The Bucks had no answers for LeBron James (28 pts, 10 rebs, 8 ast), Chris Bosh (24 pts, 18 rebs), and Dwyane Wade (28 pts, 11/21 fg) in the early going on Wednesday, and for about 18 minutes it looked like the Bucks were going to be run out of the building. Milwaukee came out flat and careless in the first quarter, feeding Miami's effortless transition attack with turnovers and missed shots. While Tobias Harris (11 pts, 6 rebs) hardly embarrassed himself going against James in the early going , he had little help as Monta Ellis and Brandon Jennings started the game a combined 1/9 from the field.
But the game reached a curious turning point midway through the second when Larry Sanders suffered another breakdown. After a questionable foul call on a Wade drive, Sanders spiked the ball for his first technical and drew a second for antagonizing the officials a few seconds later. But the Heat appeared to let off thereafter and the Bucks began to run off Miami misses and turnovers, with Jennings getting loose to score his first eight points of the game in a 16-2 run to close out the half. The exclamation point came on Sam Dalembert's improbable three with under a second left that closed the Miami lead to 46-44, the first triple of Dalembert's NBA career.
The two teams battled gamely throughout the second half with John Henson the surprising inspiration in Sanders' absence. Filling in for the ejected Sanders, the rookie combined energy, activity and a smooth jump shot to establish career-highs with 17 points (7/12 fg) and 18 rebounds, including a tip-in at the third quarter buzzer to make it 73-71 Bucks heading into the fourth.

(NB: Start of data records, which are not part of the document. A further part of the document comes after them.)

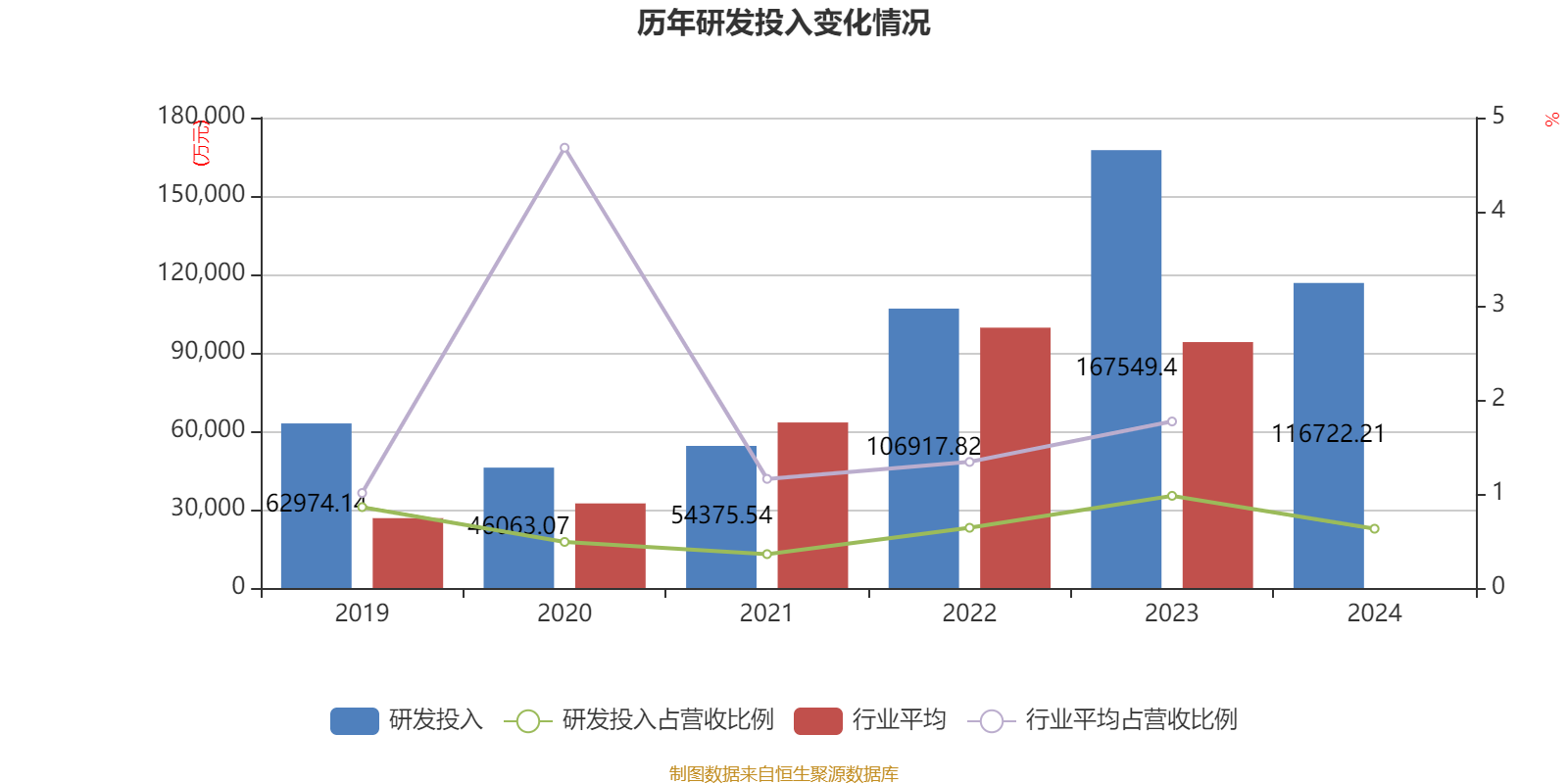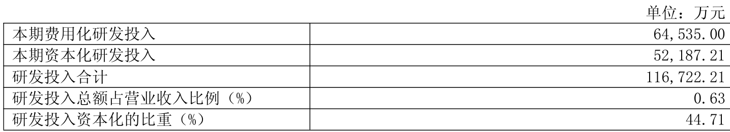 2024年全年,公司研发投入金额为11.67亿元,同比下降30.34%;研发投入占营业收入比例为0.63%,相比上年同期下降0.35个百分点。此外,公司全年研发投入资本化率为44.71%。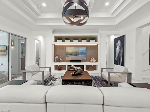 Valencia Bonita Bonita Springs Homes for Sale: Built in 2020, this Carolina model is being offered turnkey furnished and showcases extensive upgrades throughout. Situated on a corner lot with a spacious side yard, this home is ideally located — close enough to walk to the clubhouse, yet far enough away to avoid the sound of the pickleball courts. Located in Flood Zone X, No Flood Insurance required. Features include Impact Doors and Windows, a 3-car garage with epoxy flooring, and a heated pool and spa. The outdoor kitchen is equipped with a grill, vented hood, wine cooler, and refrigerator, creating the perfect space for entertaining. Inside, the gourmet kitchen offers a gas cooktop, built-in microwave, quartz countertops, large pantry, and under/over cabinet lighting. Additional highlights include an upgraded washer and dryer, oversized laundry room with abundant storage, and custom closets throughout. Elegant finishes include a neutral color palette, crown molding, upgraded front doors, designer chandeliers, window treatments, blinds on every window, and shiplap/woodwork in the living, dining, and master bedroom. The formal dining room and separate breakfast area with coffee bar provide versatile dining options . The primary suite features a large soaking tub, separate custom glass shower, upgraded flooring, and custom closet systems. A custom living room wall unit, two smart TVs, and Bose sound bar are included. Exterior landscaping is enhanced with up-lighting under palms and trees, front and back. Valencia Bonita is a 55+ community with resort-style amenities, including a 45,000 sq. ft. clubhouse, pools, pickleball, tennis, fitness center, spa, dining, and more.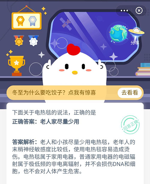 关于电热毯的说法正确的是 支付宝蚂蚁庄园12月22日答案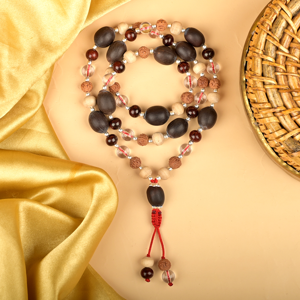 Crafted from natural beads representing the five sacred elements known as the Panch Bhoota in Bharat, this mala carries the energies of Earth, Water, Fire, Air, and Space in a single powerful combination strung with silver balls between the beads. The Panch Bhoota mala combines the auspicious energies of Sandalwood Red chandan, Lotus seed Thamarai Mani, Rudraksha, Quartz crystal Sphatik, and Tulsi beads. Each bead is selected for purity and strength, then assembled by traditional artisans to maintain elemental balance. The mala is suitable for daily wear, meditation, and mantra chanting, supporting grounding and spiritual expansion.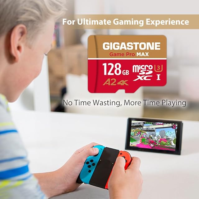【5年 】Gigastone マイクロSDカード 128GB Game Pro Max A2 V30 UHS-I U3 Class 10 120/80 MB/S 高速 Gopro アクションカメラ スポーツカメラ 4K Ultra HD 動画 SD変換アダプタ付き ミニ収納ケース付き Nintendo Switch 1動作確認済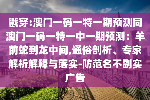 網(wǎng)絡上出現(xiàn)了許多關于澳門一碼一特一期預測的言論,其中部分涉及“羊前蛇到龍中間”等說法,我們也注意到一些名不副實的廣告存在虛假宣傳的現(xiàn)象,為了保障公眾的知情權,避免受到誤導和損失,本文將從通俗和專業(yè)的角度對關鍵詞進行釋義和解釋,并強調(diào)防范虛假宣傳的重要性。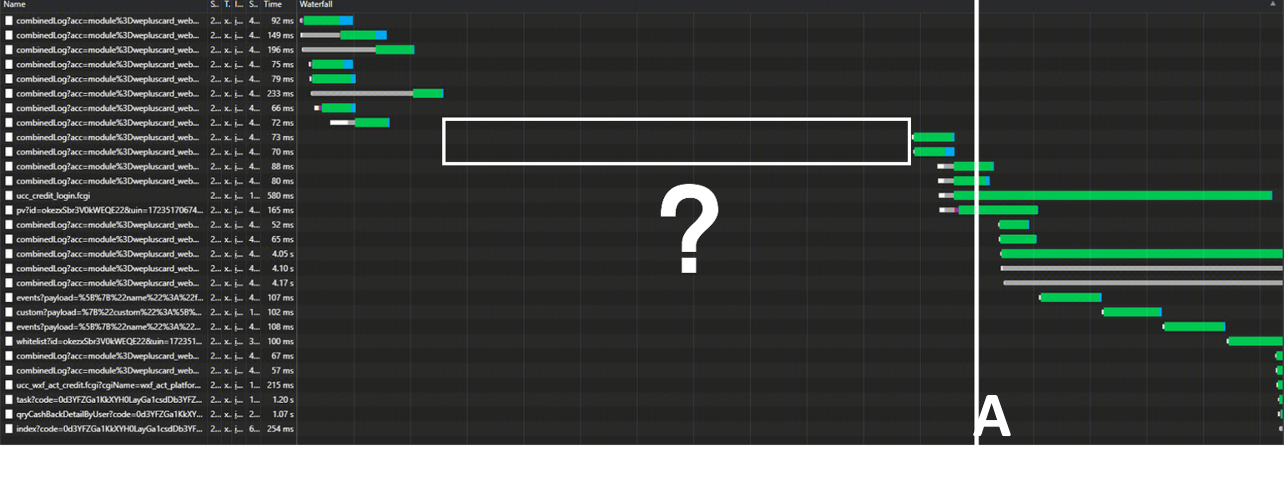 通过开发者工具performance找出接口请求发起的时间点,发现请求前存在大段无请求的真空时间段。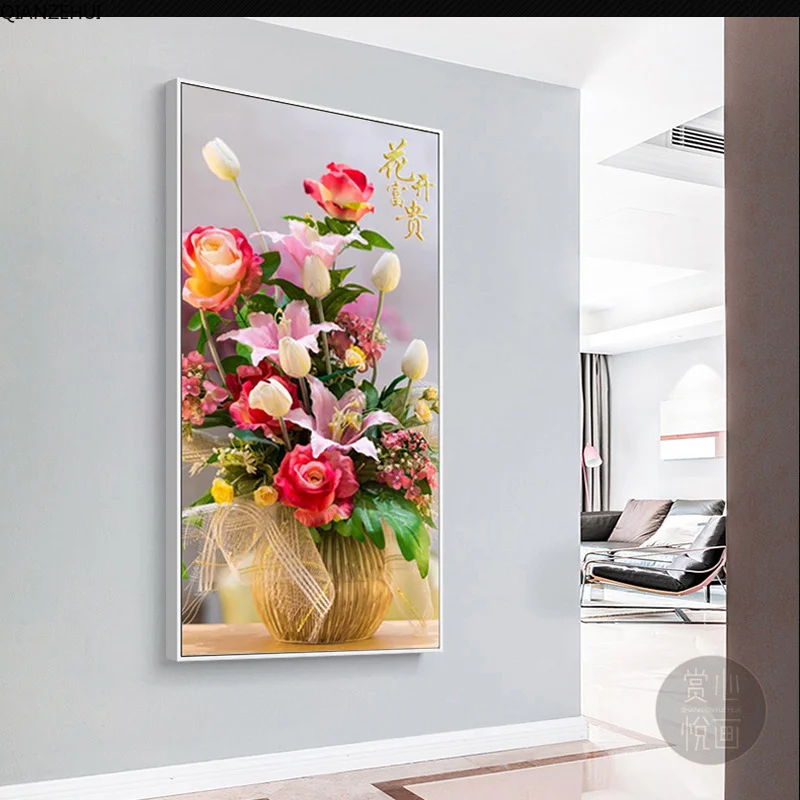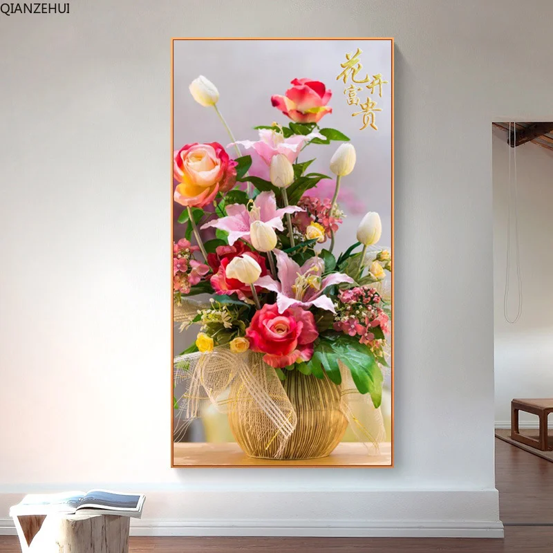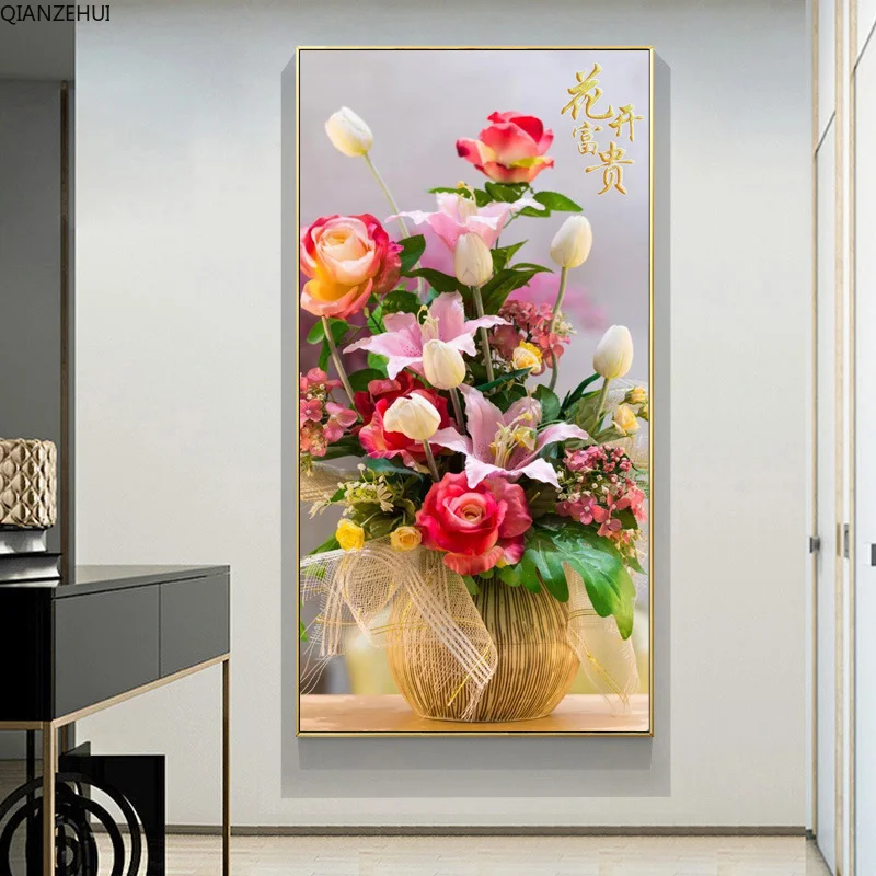 QIANZEHUI,DIY 5D алмазная вышивка, круглые алмазы богатство цветы п...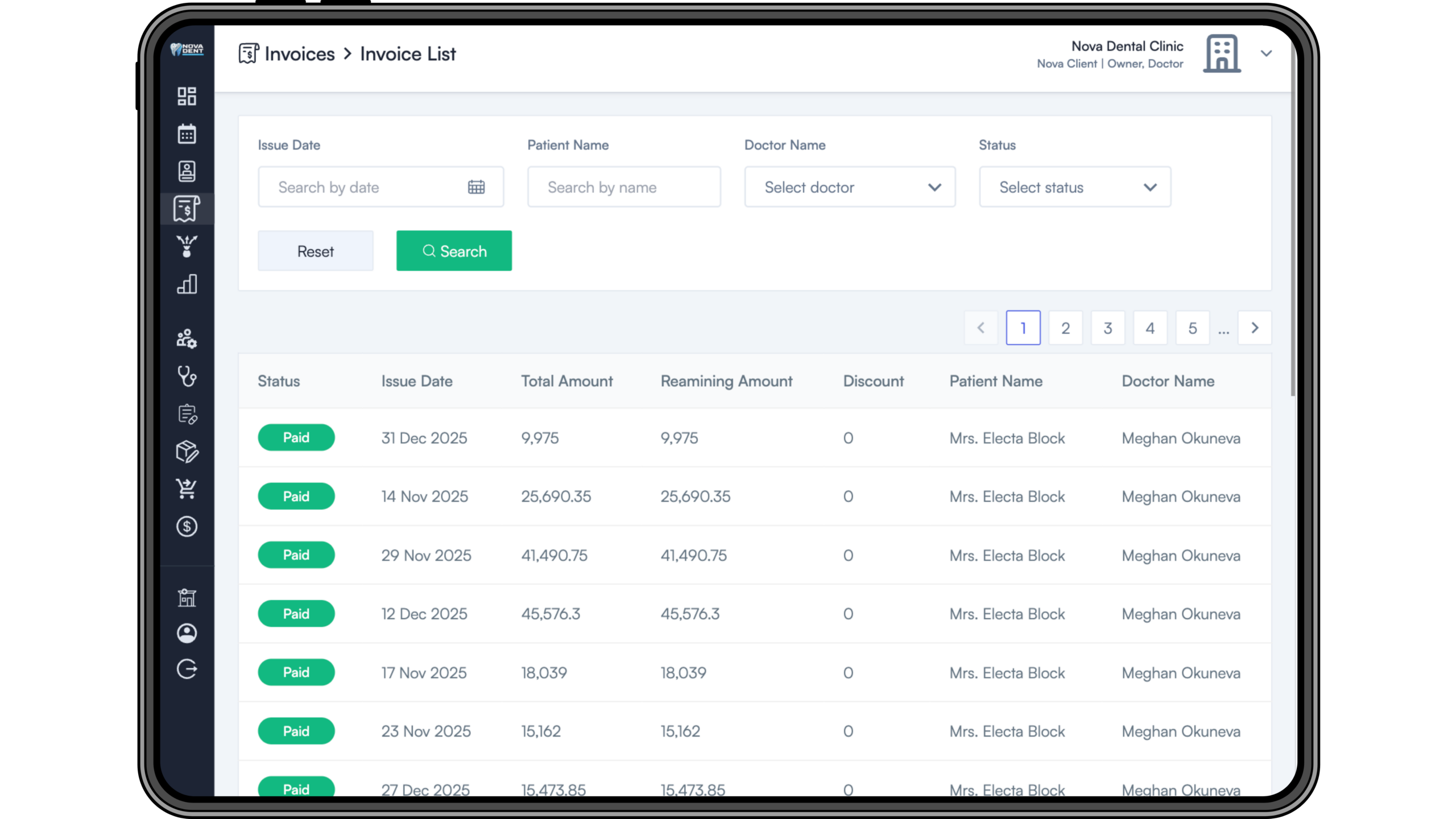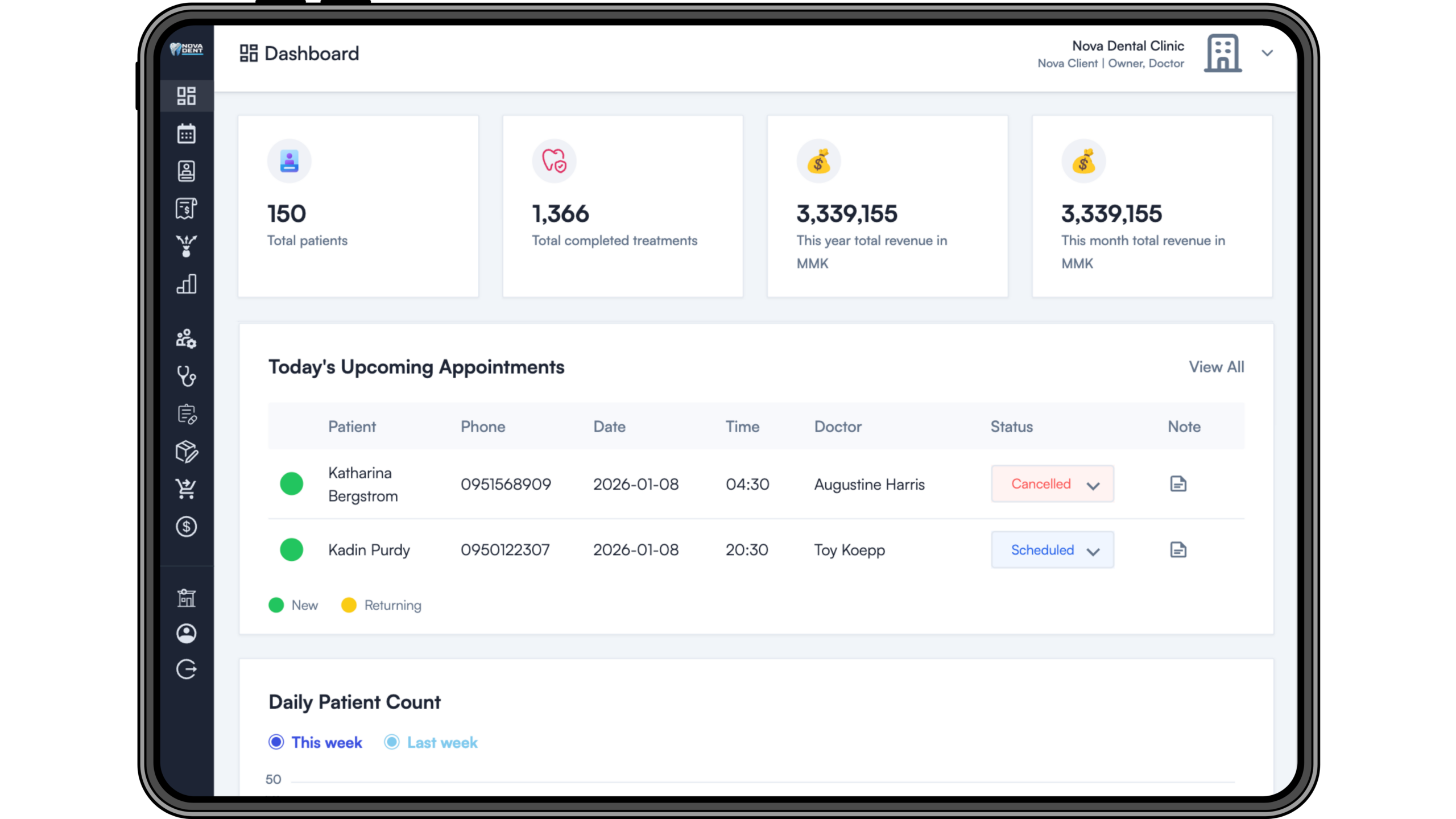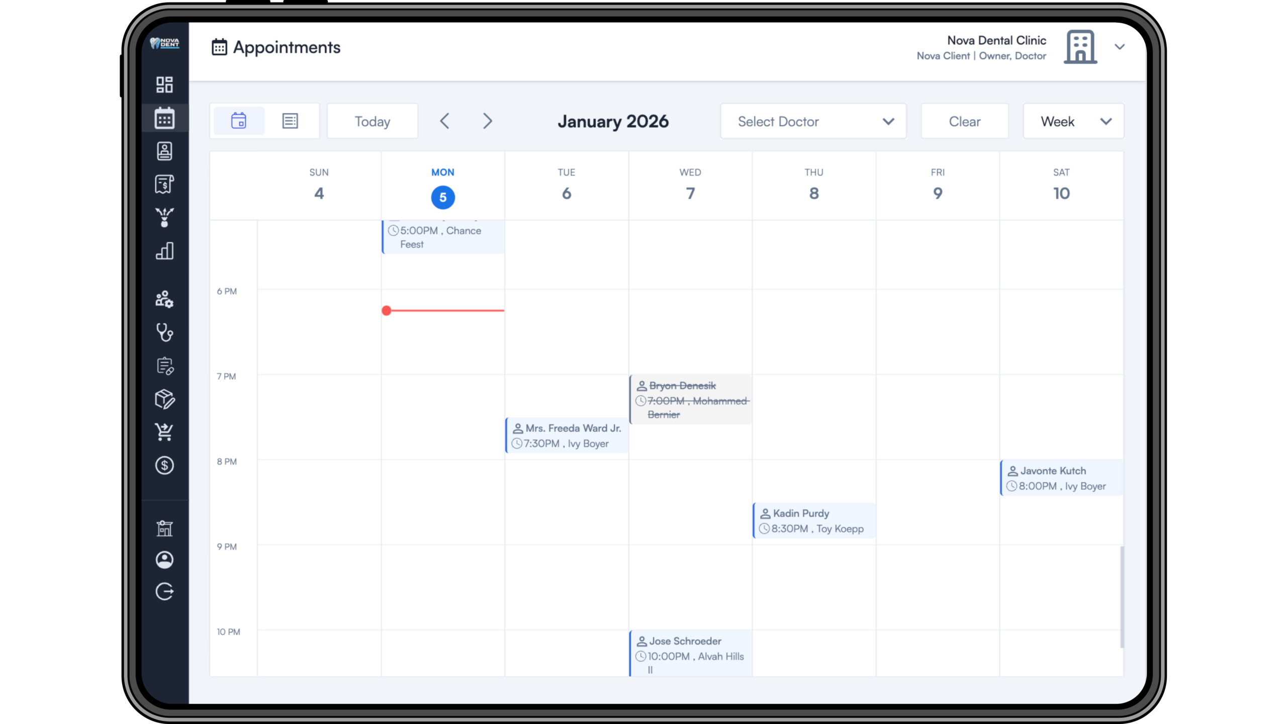 Nova Dent’s appointment calendar provides a clear, organized view of daily and weekly schedules. Clinics can easily manage bookings, filter appointments by doctor, and navigate dates with an intuitive calendar layout, helping ensure smooth scheduling and efficient time management.

The Bucks defended gamely to take a 91-84 lead on Henson's jumper with 4:50 left, made all the more improbable considering Ellis struggled all game (4/16 fg, 9 pts, 4 ast, 5 to), Jennings missed eight of his last nine shots (9/25 fg, 19 pts, 7 reb, 6 ast, 5 stl, 0 to) and the Bucks couldn't buy a three for most of the night (5/29). Instead, Mike Dunleavy (even with his long range touch absent), Henson and Ekpe Udoh kept finding ways to score, but James, Wade and Bosh answered them at every turn and then some. The Bucks twice took leads on buckets by Dunleavy and Udoh in the final 80 seconds, but James tied it with 26 seconds left and Ellis and Henson missed chances to win it on the Bucks' final possession. Miami still had a chance to win it with 1.4 seconds left, but Ellis swatted Wade's difficult leaner to send it to OT.
The OT was all Miami, as Ellis and Dunleavy had early turnovers and the Bucks had no answer for James, Bosh, Wade and Ray Allen in Miami's halfcourt sets. Wade buried a long two on the extra session's first possession and Allen's open three would late give Miami a 109-100 lead to seal it as the Bucks appeared to run out of gas.